MAC rangers Sarah Hicks and Jade Churnside spend their days preserving rock art and teaching others about Country. Some of the areas they care for are women's sites, where men are still prohibited from entering.
"This area is where women would come to have their babies," Ms Hicks says, standing beside the dry basin.
"It's one of the places of teaching, where women would show the young ones how to hunt kangaroo or goanna, how to gather seeds and spinifex grains, and grind them into flour."
Sarah learned those stories "from years of listening to the old people".
"I learnt it from my nana," she says.
She is determined to carry her Elders teachings forward, saying it's important she educates people coming through the Burrup Peninsula "to know what their learning is, and know where their limit is".
As Ms Churnside trails over auburn rock she's distracted by the smell of Jami what she calls bush vicks, in reference to vicks VapoRub.
She bends over to smell the surprisingly modest green and lilac plant, for its pungent smell, explaining the plant "is good for women and babies".

"It's like bush Vicks, the oils clear your nose right away. You can use the flowers for a herbal tea, or drop the leaves in your drink," Ms Churnside says.
She smiles, dabbing the resin on her fingers. "You can still smell the oil - it's strong."
Alongside oral knowledge, the pair work with the Fulcrum app on rugged iPads to record everything from animal sightings to rock-art conditions.
"We use our iPads for fire control, graffiti checks, plant and rock-art observations," Ms Churnside says.
"It takes a GPS location, so when we fill out a form it marks the spot on a big map. It keeps all our knowledge together instead of on bits of paper."
That digital record complements what elders have always carried in memory.
"We know where the rock art is," she says.
"But having it actually recorded helps show people how much history is here."
Protection doesn't end at the shoreline for Jade and Sarah, under the ocean framing the Burrup Peninsula holds rich culture from their ancestors.
About 7,000 years ago, rising seas after the last ice age reshaped Murujuga's coastline, turning what was once an inland landscape into a scatter of islands across the Dampier Archipelago.

As the ocean moved in, the coastal plains were drowned, taking with them campsites and hunting grounds that had supported people for tens of thousands of years.
Recent archaeological work, carried out in partnership with the Murujuga Aboriginal Corporation, has revealed stone tools and other artefacts now preserved beneath the sea.
"We do a lot of diving for our work, looking for underwater artifacts," Ms Hicks says.
"Out toward Whitnell Bay we found a standing stone still upright - sea level only came up about 7000 years ago."
"They've even found spearheads down there, big ones, not like the small ones on the mainland."
Soon the two will head to Rosemary Island, a women's place off the Pilbara coast that is both culturally sacred and scientifically vital.
"Hawksbill turtles nest there - it's their main ground," Ms Churnside explained.

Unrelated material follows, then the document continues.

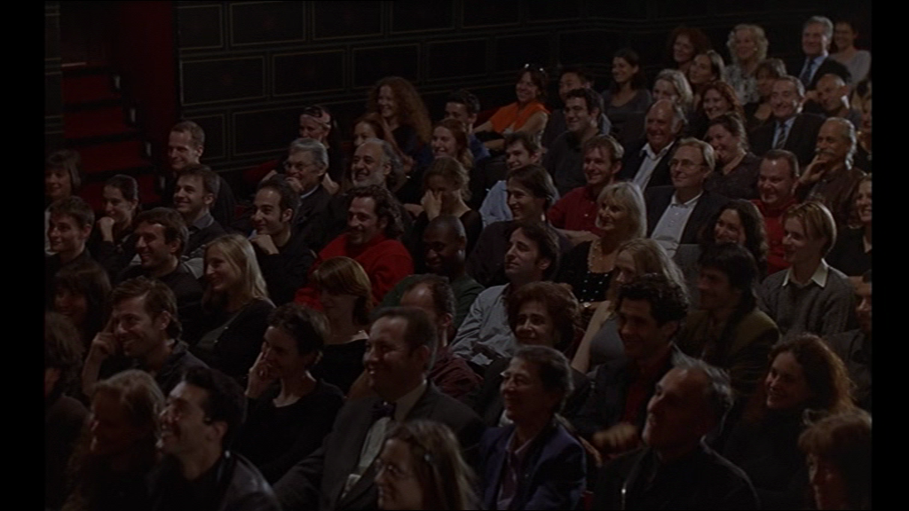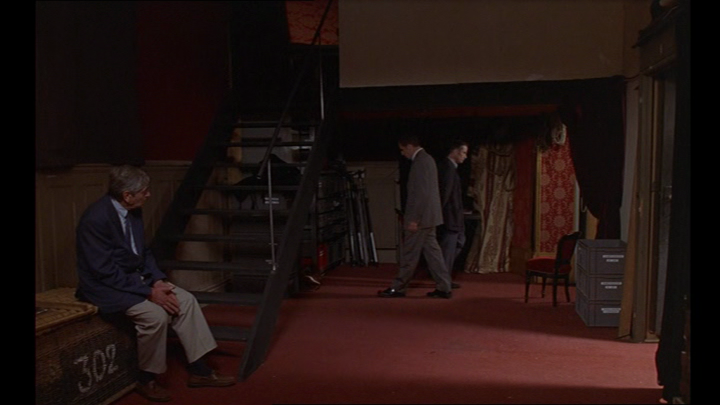 14 Pour tenter de décrypter l’utilisation qui est faite du théâtre au cinéma dans ce film, je propose de me tourner vers Patrice Pavis, qui a rédigé, en introduction d’un catalogue intitulé Théâtres au cinéma, un texte qui fait l’inventaire des différentes techniques d’adaptation de théâtre au cinéma. Il y évoque notamment le théâtre filmé, « terme péjoratif », forme de régression vers « une simple photographie visuelle et sonore », une mise en « conserve » du théâtre (selon l’expression de Guitry) qui privilégie « les longs plans immobiles, évite le champ/contre-champ [...] en sacrifiant à la citation ou à la présence ironique de l’auteur » [7]. La première image du film n’offre pas, a contrario, la vision de la scène, mais de la coulisse, comme un avertissement : nous verrons les ficelles, nous verrons l’envers du décor. Ce n’est pas du théâtre filmé.

"They were poached illegally for their shells, turned into combs and brushes. Now we tag them, record the nests, count the eggs, then come back to see how many hatch."
Temperature even determines the hatchlings' sex.
"Cooler sand makes more boys; warmer sand, more girls," she said.
"There are more girl turtles being born now - the ocean's heating up."
On Rosemary Island, no men are allowed.
"Women would go there if they were struggling to have a baby," Ms Churnside says.
"It's a women's Island."
For both women, being a ranger is a continuation of matriarchal culture.
"Back then, women were the leaders," Ms Hicks says.
"They carried the knowledge and gave it to the men to hold."
Ms Hicks is starting a women's cultural learning program to strengthen that legacy.
"It's about balance," she says.
"To say, we women are still here, we're still practising the lore."
As the afternoon light fades across the Burrup's rock valleys, the two rangers pack away their iPads and logs.
In a few days they'll swap boots for dive fins, tracing songlines beneath the sea and guarding the stories that live in salt and stone.